## GOAL OF THE EXERCISE
Your task is to reproduce exactly the lines from the one containing "Der charakteristische Comicprint" through the last line below, both ends included, and nothing else, with no pictures.

## SUPPLIED MATERIAL
>>>>
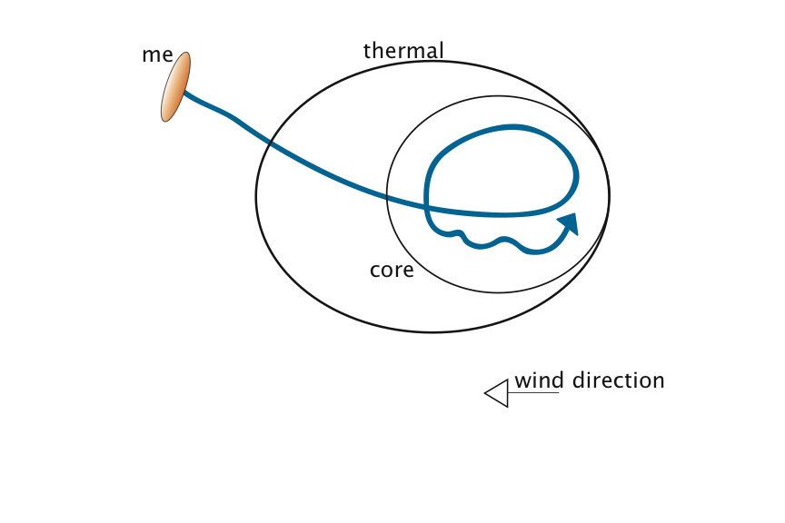 This is exaggerated as well and will always change with the weather. It's an illustration of me entering a thermal, finding the high pressure system at the edge of the thermal, doing two 180 degree turns in the core, then dragging out my upwind leg as much as possible. On the upwind leg I increase brake pressure to a little less than minimum sink and gently shift my body side to side. I have always been told to use linked 360's, but haven't been one to abide by that.
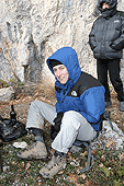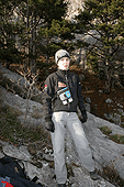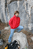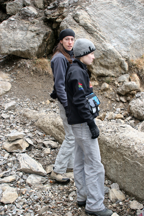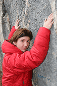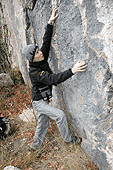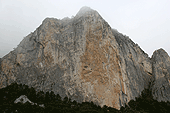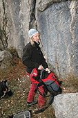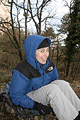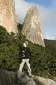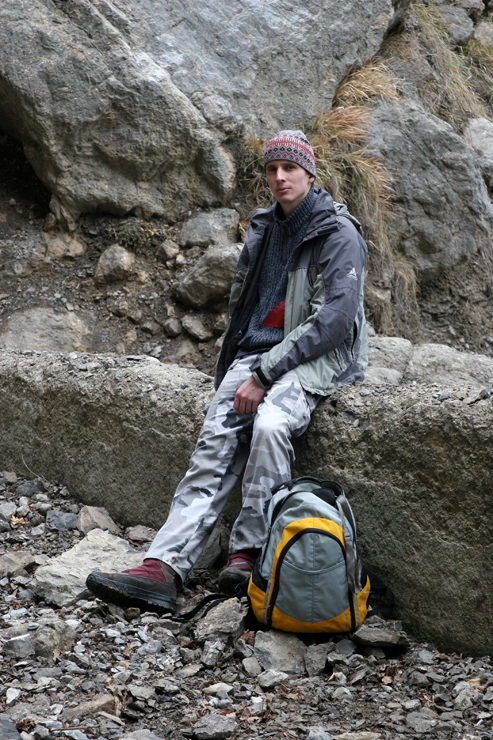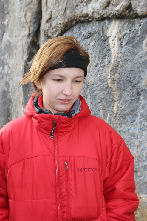 Мы уже почти у самого подножия. Идем мимо огромных валунов, на которых подписаны боулдеринговые маршруты. Если честно, впервые вижу живьем святилище матрасников. Интересно, но тапок с собой нет, пальцы замерзли в ноль, о матах я и не говорю. Так что просто впитываем глазами. Все. Дошли. Прямо перед нами на скале висит гроздь альпинистов. Говорят, что пятый день уже тут висят, новый маршрут бьют. «И вы это, господа скалолазы, отошли бы нафиг от маршрута, а то сверху камушки могут посыпаться, а касок ведь у вас не водится».
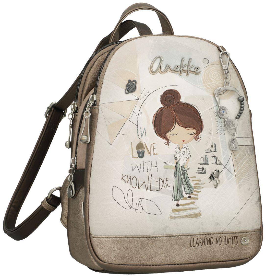 Der charakteristische Comicprint an der Vorderseite des Daypacks zeigt deshalb Anekke als selbstbewusste junge Frau, die souverän ihren Weg geht und sich nicht einschüchtern lässt - ein Vorbild für alle Mädchen und Frauen die Wissen lieben. Betont wird das Motiv durch zarte Stickereien und Applikationen am Citybackpack. Der Hintergrund ist in hellen Farbtönen gehalten und zeigt abstrakte, geometrische Formen mit silber- und goldglänzenden Akzenten. Umgeben von Büchern und Schriftrollen des antiken Griechenlands.
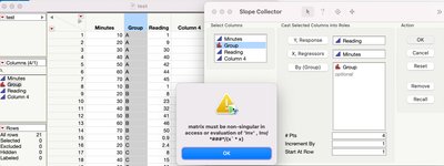 I am using JMP 16.2 and this is the data that I am trying to process using the add-in, along with the error message:
<<<<
## RESULT OF THE TASK
 Der charakteristische Comicprint an der Vorderseite des Daypacks zeigt deshalb Anekke als selbstbewusste junge Frau, die souverän ihren Weg geht und sich nicht einschüchtern lässt - ein Vorbild für alle Mädchen und Frauen die Wissen lieben. Betont wird das Motiv durch zarte Stickereien und Applikationen am Citybackpack. Der Hintergrund ist in hellen Farbtönen gehalten und zeigt abstrakte, geometrische Formen mit silber- und goldglänzenden Akzenten. Umgeben von Büchern und Schriftrollen des antiken Griechenlands.
 I am using JMP 16.2 and this is the data that I am trying to process using the add-in, along with the error message:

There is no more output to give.